Poter aderire al regime dei minimi significa dover rispettare una serie di requisiti.
Abbiamo affrontato in un precedente articolo cosa succede al contribuente minimo che supera la soglia dei 30.000 euro di incassi. Vedi “regime minimi superamento 30.000“. Affrontiamo ora il caso in cui si superi invece la soglia dei 45.000 euro.

Fuoriuscita dal regime dei minimi 45000

fuoriuscita-dal-regime-dei-minimi-45000In questo caso infatti le cose si complicano perché già nell’anno in corso si perde il diritto di restare nel regime agevolato e godere così di una tassazione agevolata.
E’ bene sottolineare come la soglia dei 45.000 euro deve essere ragguagliata all’anno. Questo vuol dire che per un contribuente che apre partita iva per esempio 08 agosto i limiti non saranno più 30.000 e 45.000 euro, bensì devono essere rapportati al periodo di effettiva apertura della partita iva.

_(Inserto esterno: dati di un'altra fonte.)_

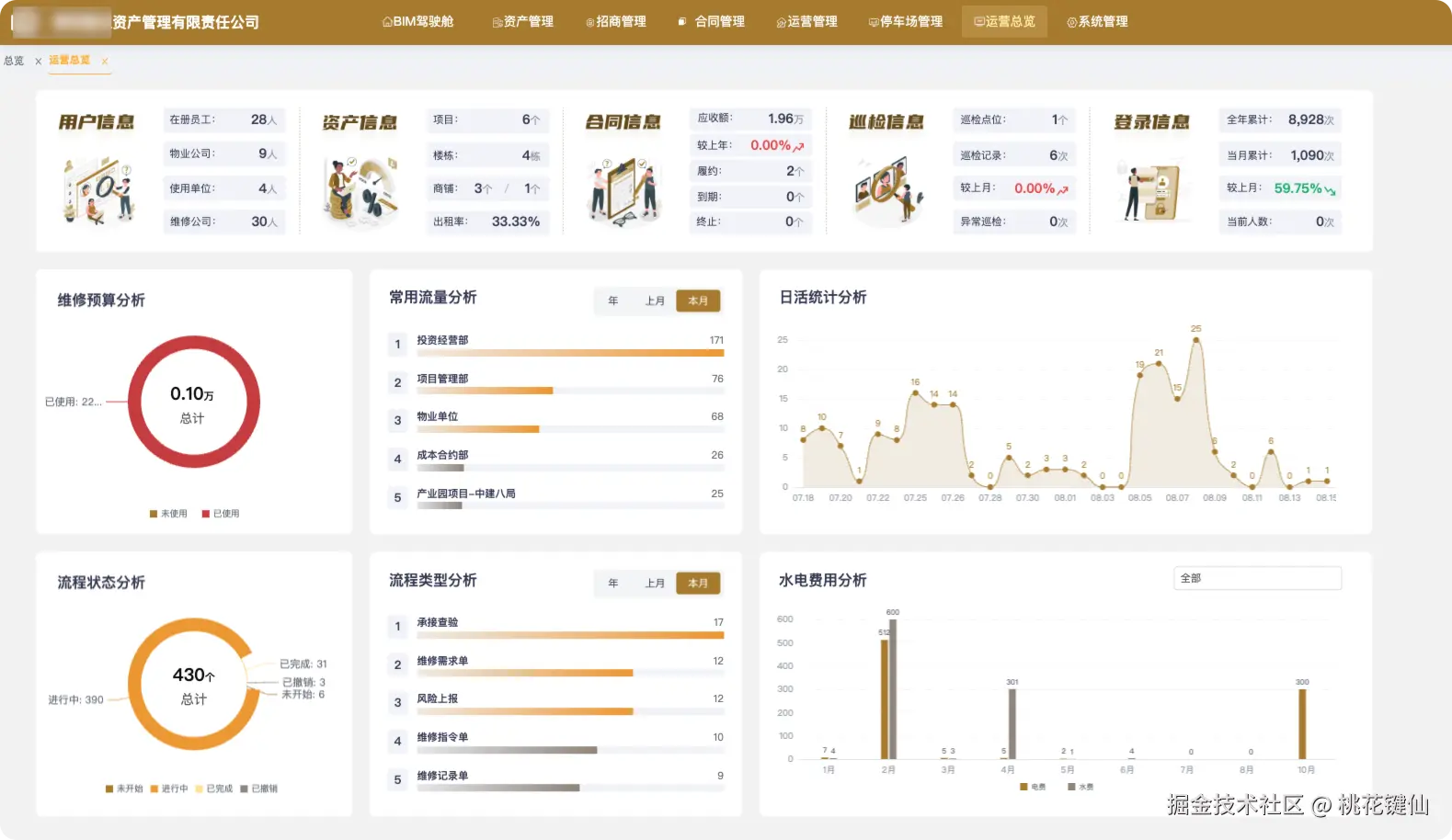 最离谱的是,期项目从BIM驾驶舱到经营分析大屏,以及一套含项目/合同/工单等10多个模块的综合运营管理平台,一个多月就被他们搞定了。作为一个自媒体技术博主的我,敏锐的嗅到素材的味道,直接就去联系我的朋友把项目和平台薅来研究一下,分享给粉丝们用无代码搭建“商业园区综合管理”的一手资料。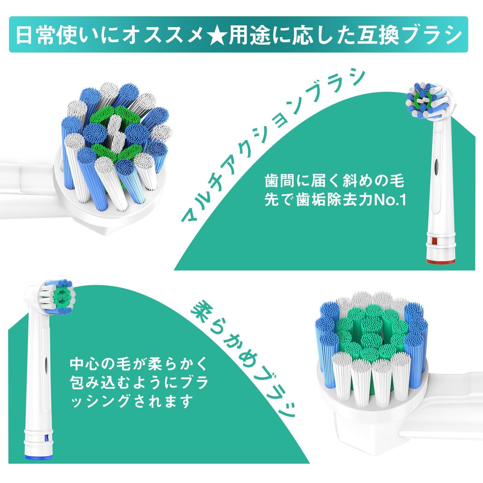 【歯茎の健康を守る】①米国DuPont素材使用:0.12mmと0.15mmの丸みを帯びた毛先が歯肉や歯面に優しく、効果的に洗浄します。②高精度ラウンド加工:毛先1本1本が歯面や歯肉に優しくフィットし、安心して使用できます。③衛生カバー付属:ブラウン電動歯ブラシ対応の替えブラシには衛生カバーが付属し、ブラシ毛の形状を保ち、ほこりや細菌の侵入を防ぎます。④優れた互換性とコストパフォーマンス:オーラルB用の替えブラシは、正規品に近いブラシ形状で優れた互換性を持ち、年間数万円の節約が可能です。気軽に交換できます。

A nostro avviso si può utilizzare il metodo del calcolo in base ai giorni, poiché l’agenzia delle entrate nulla chiarisce in merito. Basterà quindi conteggiare il periodo dal giorno di apertura della partita iva al 31.12 e dividerlo per 365.

Cosa succede al superamento di questa soglia?

Come detto il contribuente perde da subito il diritto a rimanere nel regime dei minimi. E’ tenuto al versamento dell’iva anche sulle vendite effettuate in precedenza, mediante il sistema dello scorporo.
Ovviamente avrà diritto a detrarre l’iva sugli acquisti.
Inoltre dovrà istituire i registri iva, liquidare l’iva e presentare la relativa dichiarazione.